Éthique de la santé : les robots d'assistance aux personnes âgées soulèvent des questions non résolues. Ils peuvent surveiller les paramètres vitaux, rappeler les thérapies, réduire les chutes. Mais une personne âgée qui interagit principalement avec une machine subit-elle un isolement social accru ? Des études menées au Japon, où des robots comme Pepper ont été testés dans des maisons de retraite, montrent des résultats mitigés : des avantages fonctionnels (rappels, surveillance) mais une réduction significative de l'interaction humaine. Le risque est que l'automatisation devienne une excuse pour réduire le personnel soignant, avec des robots qui "comblent le vide" créé par des choix économiques. Le problème n'est pas la technologie, mais la manière dont elle est appliquée et à quelles fins.

Calendriers réalistes : demandez à dix experts quand nous aurons des robots domestiques polyvalents et abordables et vous obtiendrez dix réponses différentes. Rodney Brooks, fondateur d'iRobot et de Rethink Robotics, est sceptique : "Pas avant 2040, peut-être jamais". Demis Hassabis de Google DeepMind est optimiste : "Milieu des années 2030 pour des applications limitées". Les analystes de Goldman Sachs prévoient un marché de masse après 2035. Le consensus tacite est que les scénarios restreints (logistique, fabrication, hôtellerie) verront les robots spécialisés se développer au cours des 5 à 7 prochaines années, tandis que l'humanoïde domestique qui cuisine et nettoie de manière autonome reste de la science-fiction pour au moins la prochaine décennie.

2025 : Année Zéro ou Cycle du Hype ?

Où en sommes-nous vraiment ? La réponse dépend de la robotique que nous observons.
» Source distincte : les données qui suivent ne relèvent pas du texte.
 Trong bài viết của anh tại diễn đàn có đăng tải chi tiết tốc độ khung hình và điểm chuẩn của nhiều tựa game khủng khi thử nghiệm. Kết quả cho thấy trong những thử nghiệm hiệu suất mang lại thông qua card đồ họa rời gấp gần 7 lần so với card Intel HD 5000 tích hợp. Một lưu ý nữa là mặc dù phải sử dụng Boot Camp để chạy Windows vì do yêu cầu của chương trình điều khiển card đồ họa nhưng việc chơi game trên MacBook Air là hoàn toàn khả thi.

Chirurgie : mature, fiable, en expansion. Cobots industriels : déploiement massif en cours, retour sur investissement prouvé. Logistique spécialisée : des robots mobiles autonomes dans les entrepôts d'Amazon, DHL, se développent rapidement. Ils fonctionnent parce que la tâche est spécifique, l'environnement contrôlé, un recours humain est disponible.
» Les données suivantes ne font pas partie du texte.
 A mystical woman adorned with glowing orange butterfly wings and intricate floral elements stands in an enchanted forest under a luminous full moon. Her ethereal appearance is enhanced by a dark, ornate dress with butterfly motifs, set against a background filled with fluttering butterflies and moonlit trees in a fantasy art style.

Humanoïdes polyvalents : battage médiatique maximal, déploiement minimal. Les prototypes impressionnent, les démos sont spectaculaires, les investissements se chiffrent en milliards. Mais il manque encore le saut de "fonctionne en laboratoire sous surveillance" à "fonctionne de manière autonome pendant des quarts de huit heures dans des scénarios imprévisibles". Ce saut ne nécessite pas une seule percée, mais des dizaines : batteries, actionneurs, capteurs, matériaux, algorithmes, coûts.

Le paradoxe de Moravec, formulé dans les années 80, affirmait que les tâches cognitives complexes (échecs, calcul) sont faciles pour les ordinateurs, tandis que les tâches sensori-motrices simples (marcher, manipuler) sont très difficiles. L'IA a dépassé la partie cognitive : GPT-4 surpasse les humains dans de nombreuses tâches linguistiques. Mais l'incarnation physique reste un goulot d'étranglement. Se faire faire une omelette par un robot est encore plus difficile que de se faire écrire un roman.
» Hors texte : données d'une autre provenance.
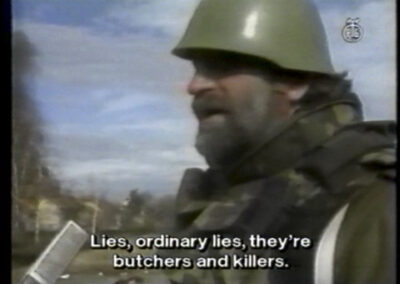 Based on the archives of the International Criminal Tribunal for the former Yugoslavia, the local courts of the region that dealt with war crimes that were committed during the Yugoslav wars from 1991 to 2001, and the relevant media reports of the time, Chimera focuses on the events that took place around the fall of Vukovar in November 1991. Through a juxtaposition of court and news media narratives of the time, with reenactments and archival footage, it aims to investigate the role of media as a propaganda tool from its respective initiators and their agendas, as well as the intertemporal dangers of mis- and disinformation.

Comme dans le film Her de Spike Jonze, où l'IA Samantha est intimement présente mais physiquement absente, nous pourrions découvrir que l'intelligence artificielle transforme radicalement nos vies par le biais d'interfaces logicielles bien avant de le faire par le biais de corps robotiques. Lorsque l'intelligence est partout mais n'a pas de mains, la question devient : avons-nous vraiment besoin de robots humanoïdes, ou cherchons-nous à nous répliquer par narcissisme anthropocentrique ?

La réponse ne viendra pas des laboratoires de Boston ou de Palo Alto mais des usines, des hôpitaux, des entrepôts où des robots spécialisés travaillent déjà en silence, résolvant des problèmes réels sans ressembler à des humains. Le battage médiatique raconte une histoire. L'ingénierie en écrit une autre, plus lente et moins glamour, mais réelle. Et en 2025, ce qui fonctionne vraiment ne ressemble presque jamais à la science-fiction que nous avons imaginée.